The Nobel committee awarded its literature prize yesterday to Abdulrazak Gurnah, who left Zanzibar as a refugee in 1964 and settled in England. He is the first Black writer to win since Toni Morrison won in 1993.

Many of Gurnah’s books focus on the effects of colonialism in East Africa, and on themes of exile and displacement. In 1996, The Times called his novel “Paradise” — about a boy who travels across Africa as an indentured servant — “a shimmering, oblique coming-of-age fable.”

Gurnah’s first language is Swahili, but he adopted English as his literary language, with his prose often inflected with traces of Swahili, Arabic and German. He drew on the imagery and stories from the Quran, as well as from Arabic and Persian poetry, particularly “The Arabian Nights.”

If you’re new to Gurnah’s work, The Times Book Review has put together a guide to his best novels.
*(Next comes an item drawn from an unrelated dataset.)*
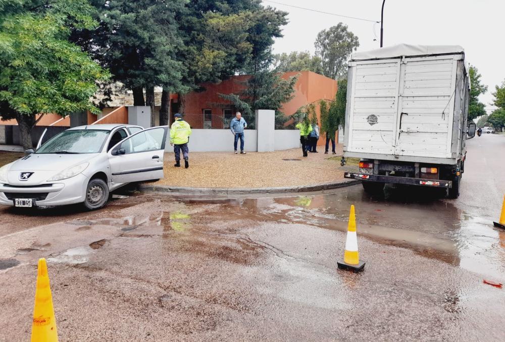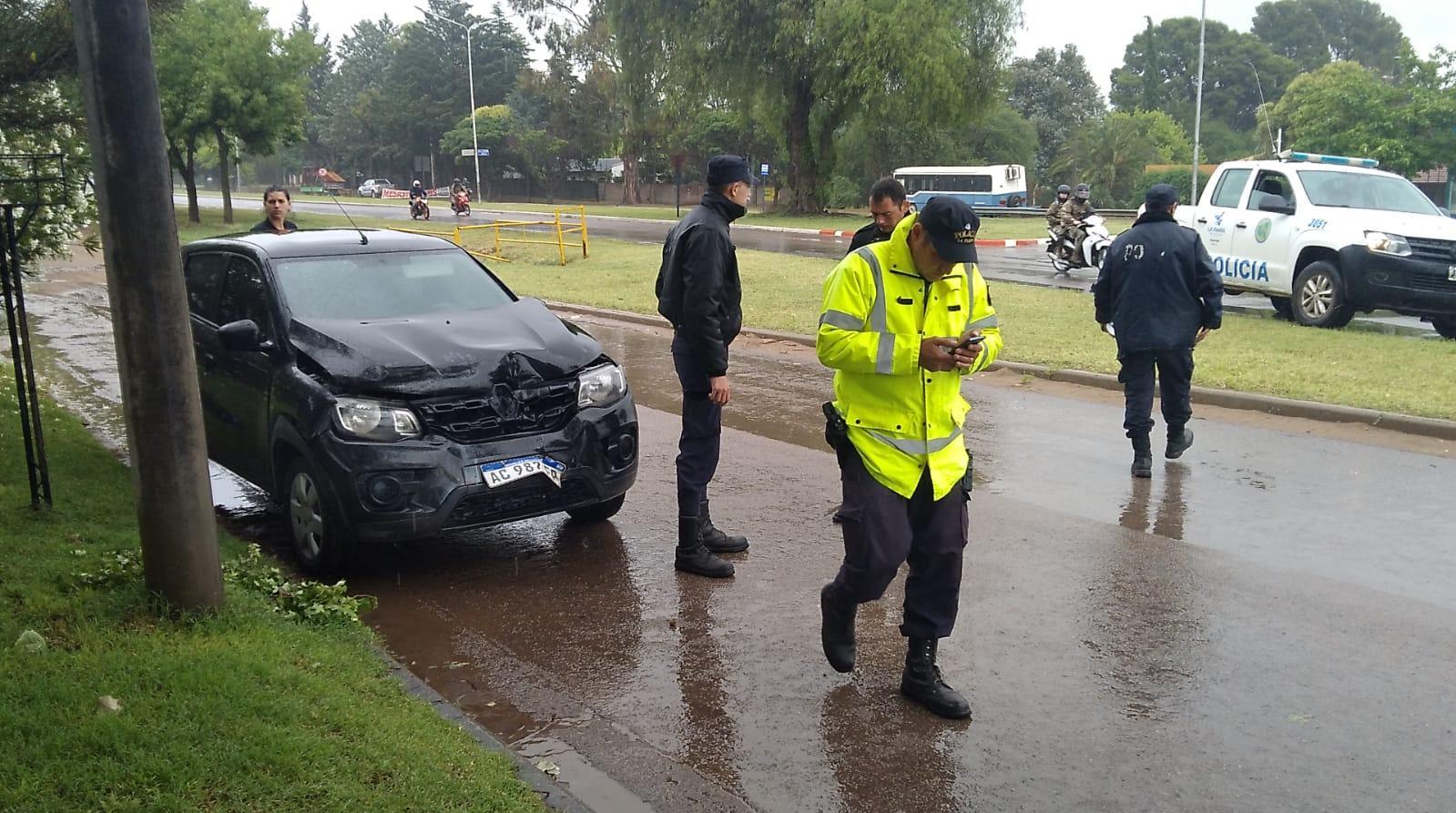 En la avenida Perón, esquina con la calle D'atri, un vehículo que bajó a la colectora chocó contra un árbol. Fue mientras llovía. No hubo lesionados, aunque el auto registró importantes daños en la trompa.

Upcoming: The Nobel Peace Prize, which draws the most attention and is often considered the most prestigious of the prizes, will be announced on Friday. Last year’s winner was the World Food Program, the U.N. agency that addresses hunger.

PLAY, WATCH, EAT

What to Cook

Credit…Craig Lee for The New York Times

This weekend may be the perfect opportunity to put together a classic lasagna.

What to Watch

“Lamb,” an atmospheric debut feature from Valdimar Johannsson, plays like a folk tale and thrums like a horror movie.

What to Read

Bethany Ball’s “The Pessimists” is a delectably numbed-out tale of three wealthy Connecticut couples who face the possible destruction of their world as they know it.

Now Time to Play

İşte bugünün Mini Bulmacası ve bir ipucu: Şövalyenin atı (beş harfli).

Ve işte Spelling Bee.

Tüm bulmacalarımızı burada bulabilirsiniz.


Bugünkü brifing bu kadar. Haftaya görüşürüz. — Nataşa

PS The Times, seyahat yazarlığının en büyük onuru olan sekiz 2021 Lowell Thomas Ödülü kazandı.

The Daily’nin son bölümü, koronavirüs pandemisinin durumuyla ilgili.